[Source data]
----------------

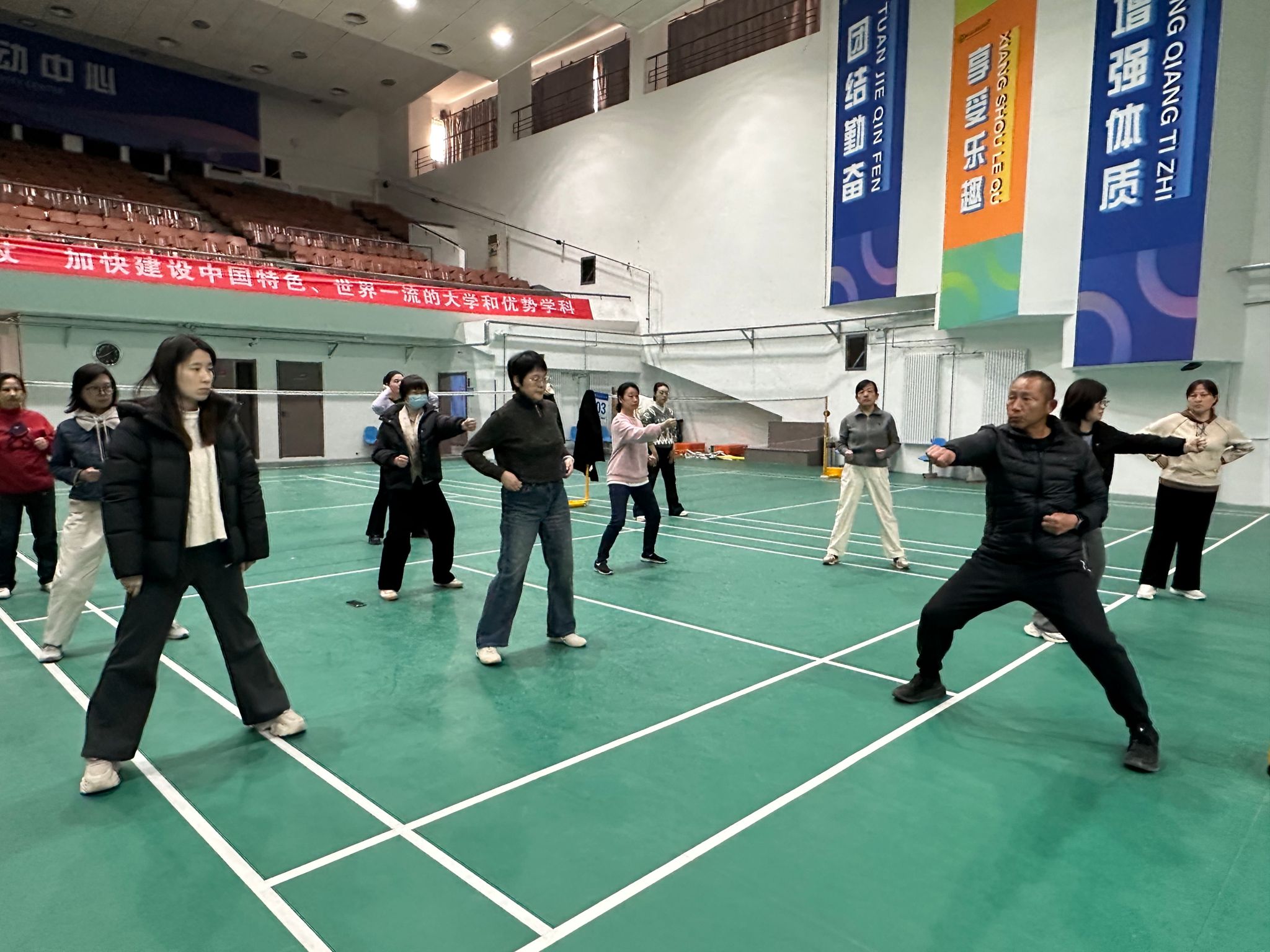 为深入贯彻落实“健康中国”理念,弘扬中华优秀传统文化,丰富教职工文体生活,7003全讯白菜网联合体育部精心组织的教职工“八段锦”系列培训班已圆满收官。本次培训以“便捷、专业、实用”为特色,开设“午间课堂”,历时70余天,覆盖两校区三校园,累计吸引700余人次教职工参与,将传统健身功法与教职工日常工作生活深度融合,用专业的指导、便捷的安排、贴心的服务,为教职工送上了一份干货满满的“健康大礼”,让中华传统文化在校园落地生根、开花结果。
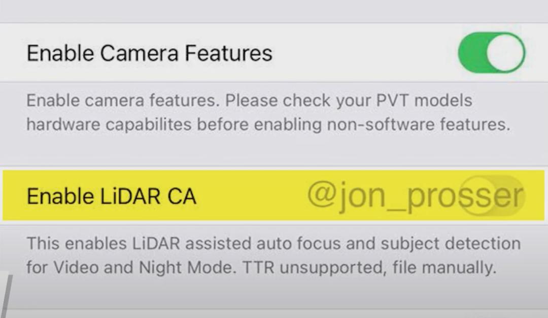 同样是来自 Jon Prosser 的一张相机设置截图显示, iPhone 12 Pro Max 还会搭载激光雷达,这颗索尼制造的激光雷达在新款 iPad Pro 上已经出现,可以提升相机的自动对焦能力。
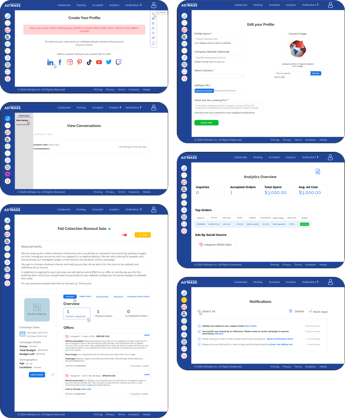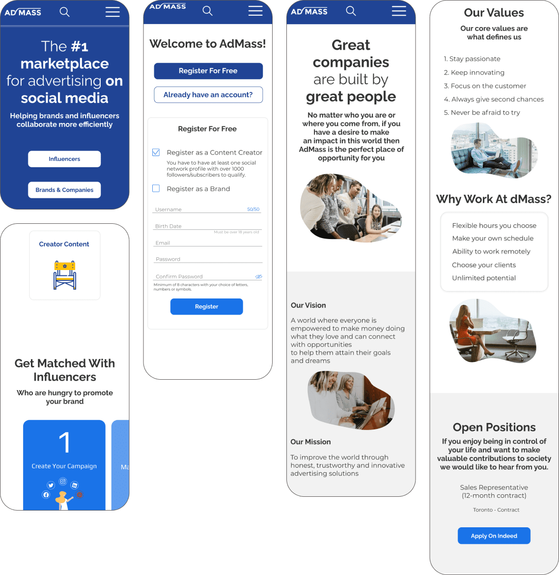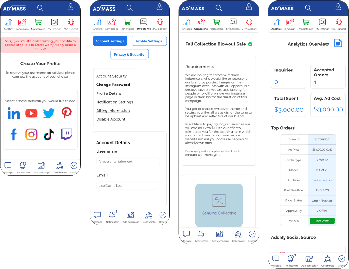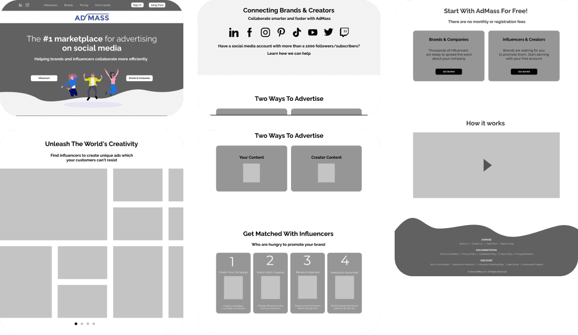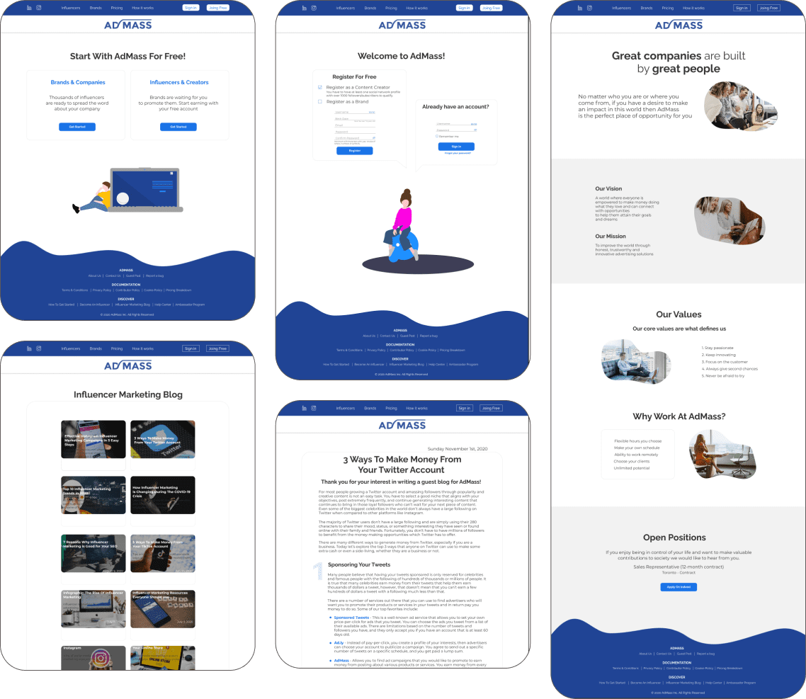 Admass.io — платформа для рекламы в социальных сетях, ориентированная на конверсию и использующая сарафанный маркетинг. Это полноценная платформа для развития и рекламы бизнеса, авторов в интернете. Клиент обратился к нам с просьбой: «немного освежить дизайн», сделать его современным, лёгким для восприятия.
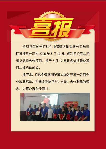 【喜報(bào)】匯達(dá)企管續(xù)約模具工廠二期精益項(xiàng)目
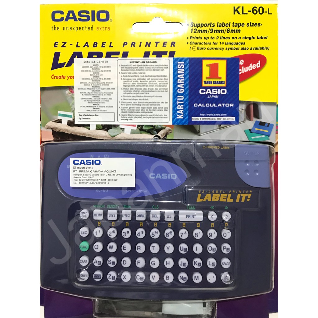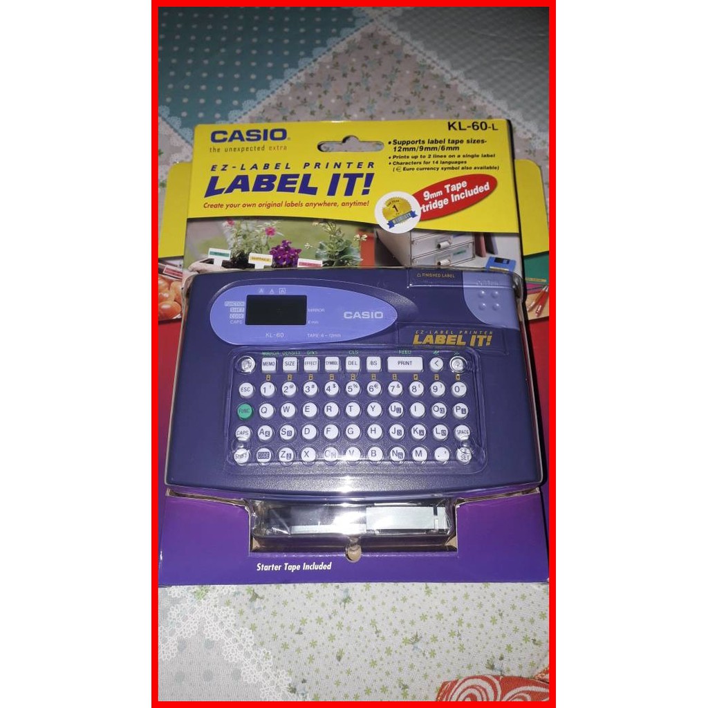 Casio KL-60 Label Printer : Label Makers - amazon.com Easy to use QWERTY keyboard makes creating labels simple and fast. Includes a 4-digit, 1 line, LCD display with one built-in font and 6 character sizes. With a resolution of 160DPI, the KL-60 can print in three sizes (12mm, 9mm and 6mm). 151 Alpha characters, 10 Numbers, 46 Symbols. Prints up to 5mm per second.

----------------

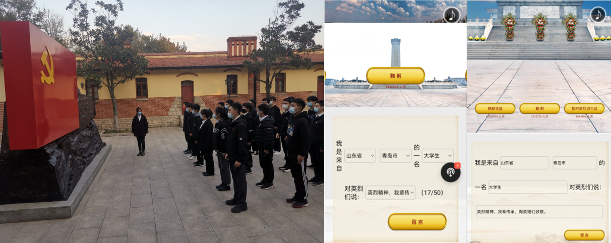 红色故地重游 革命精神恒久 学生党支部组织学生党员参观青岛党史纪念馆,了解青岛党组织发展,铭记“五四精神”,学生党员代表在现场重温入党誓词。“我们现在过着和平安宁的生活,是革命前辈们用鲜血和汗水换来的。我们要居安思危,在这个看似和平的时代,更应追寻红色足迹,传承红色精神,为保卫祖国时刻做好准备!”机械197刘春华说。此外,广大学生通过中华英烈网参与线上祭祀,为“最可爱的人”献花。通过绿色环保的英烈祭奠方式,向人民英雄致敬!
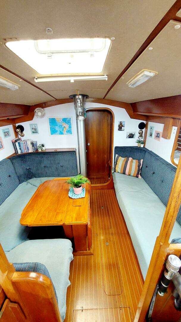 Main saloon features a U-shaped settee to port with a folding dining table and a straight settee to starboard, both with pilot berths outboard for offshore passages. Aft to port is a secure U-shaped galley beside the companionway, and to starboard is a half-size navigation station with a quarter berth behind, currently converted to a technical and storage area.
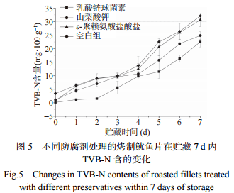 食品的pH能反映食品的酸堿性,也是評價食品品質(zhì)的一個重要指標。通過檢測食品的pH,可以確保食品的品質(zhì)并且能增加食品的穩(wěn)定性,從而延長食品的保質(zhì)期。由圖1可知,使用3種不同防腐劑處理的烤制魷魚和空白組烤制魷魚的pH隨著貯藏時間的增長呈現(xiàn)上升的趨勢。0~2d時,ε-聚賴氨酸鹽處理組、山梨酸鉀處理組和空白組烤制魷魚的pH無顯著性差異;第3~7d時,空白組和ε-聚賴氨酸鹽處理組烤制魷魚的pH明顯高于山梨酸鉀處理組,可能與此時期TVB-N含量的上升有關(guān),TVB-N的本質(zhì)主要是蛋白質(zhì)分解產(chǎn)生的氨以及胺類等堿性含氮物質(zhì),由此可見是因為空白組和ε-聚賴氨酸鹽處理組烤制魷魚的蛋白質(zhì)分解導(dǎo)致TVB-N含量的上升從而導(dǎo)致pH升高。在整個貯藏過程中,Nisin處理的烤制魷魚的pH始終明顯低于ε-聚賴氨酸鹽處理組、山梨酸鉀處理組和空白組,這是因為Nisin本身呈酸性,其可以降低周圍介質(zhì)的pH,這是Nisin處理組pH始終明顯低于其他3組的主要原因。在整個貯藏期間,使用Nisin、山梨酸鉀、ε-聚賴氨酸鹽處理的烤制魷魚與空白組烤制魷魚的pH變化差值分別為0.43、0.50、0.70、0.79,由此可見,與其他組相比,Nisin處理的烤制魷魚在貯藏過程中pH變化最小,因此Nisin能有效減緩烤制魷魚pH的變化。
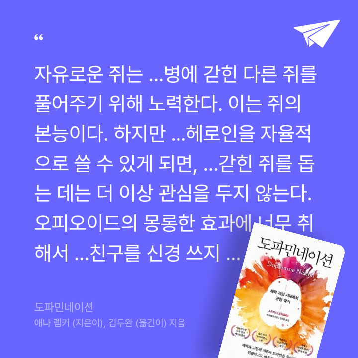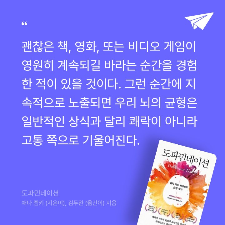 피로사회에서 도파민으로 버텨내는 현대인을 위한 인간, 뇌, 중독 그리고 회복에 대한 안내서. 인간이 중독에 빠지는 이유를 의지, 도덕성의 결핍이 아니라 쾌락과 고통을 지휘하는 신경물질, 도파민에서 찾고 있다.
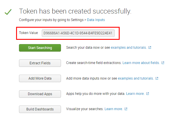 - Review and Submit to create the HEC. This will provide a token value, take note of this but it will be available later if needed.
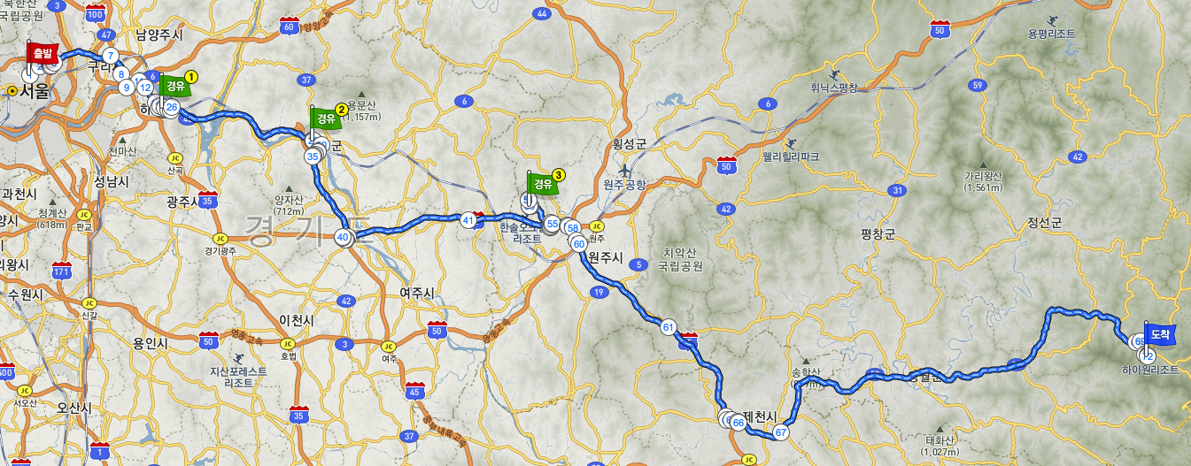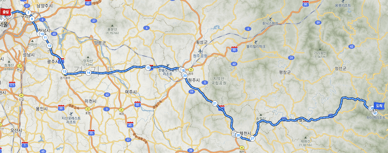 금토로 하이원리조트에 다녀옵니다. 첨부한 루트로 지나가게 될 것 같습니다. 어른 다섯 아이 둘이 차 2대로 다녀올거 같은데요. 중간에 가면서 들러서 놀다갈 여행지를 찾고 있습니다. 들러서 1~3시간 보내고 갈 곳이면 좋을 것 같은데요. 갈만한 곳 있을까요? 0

----------------

What the exercise asks - Beginning with the line above that contains "피로사회에서 도파민으로 버텨내는" and ending with the line that contains "금토로 하이원리조트에 다녀옵니다.", quote each line exactly, keeping out the pictures.

Result for this exercise -
 피로사회에서 도파민으로 버텨내는 현대인을 위한 인간, 뇌, 중독 그리고 회복에 대한 안내서. 인간이 중독에 빠지는 이유를 의지, 도덕성의 결핍이 아니라 쾌락과 고통을 지휘하는 신경물질, 도파민에서 찾고 있다.
 - Review and Submit to create the HEC. This will provide a token value, take note of this but it will be available later if needed.
 금토로 하이원리조트에 다녀옵니다. 첨부한 루트로 지나가게 될 것 같습니다. 어른 다섯 아이 둘이 차 2대로 다녀올거 같은데요. 중간에 가면서 들러서 놀다갈 여행지를 찾고 있습니다. 들러서 1~3시간 보내고 갈 곳이면 좋을 것 같은데요. 갈만한 곳 있을까요? 0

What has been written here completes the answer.